Atrial fibrillation (AF) is the most common form of sustained arrhythmia in clinical practice, a major cause of morbidity affecting 1-2% of the population above 50 years of age. Catheter ablation (CA) is increasingly becoming the treatment of choice for persistent AF, especially for middle-aged patients who are refractory to drug treatment. However, not all patients respond to CA. A pre-procedural screening criterion to identify those who will likely benefit from this surgical treatment is of paramount clinical interest. To this end, a substantial research effort has been devoted in the past two decades to the analysis of intracardiac electrograms and body surface potentials, with the goal of characterizing AF substrate and ultimately predicting CA acute and postoperative outcomes.
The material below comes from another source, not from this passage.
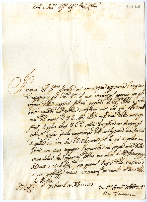 Lettera di Domenico Sandreani al cardinale Annibale Albani (1725 dicembre 14)

This seminar provides an overview of the most widely adopted techniques in the quantitative analysis of intracardiac and surface recordings of AF, highlighting open challenges. The illustration of methods is supported by clinical data collected in the catheterisation laboratory, and by data from public databases (Physionet).

About the speaker

Luigi Yuri Di Marco received the PhD degree in Bioengineering from the University of Bologna in 2012. During his PhD studies, he worked at the Institute of Cellular Medicine of Newcastle University, UK, for a visiting period of 6 months. He later rejoined the group for one year. As of March 2013, he is with the Center for Computational Imaging and Simulation Technologies in Biomedicine (CISTIB), University of Sheffield, Sheffield, UK. His research interests include cardiovascular physiology; cardiac arrhythmia; vascular cell biology and mathematical modeling; biomedical signal processing; machine learning in supervised classification.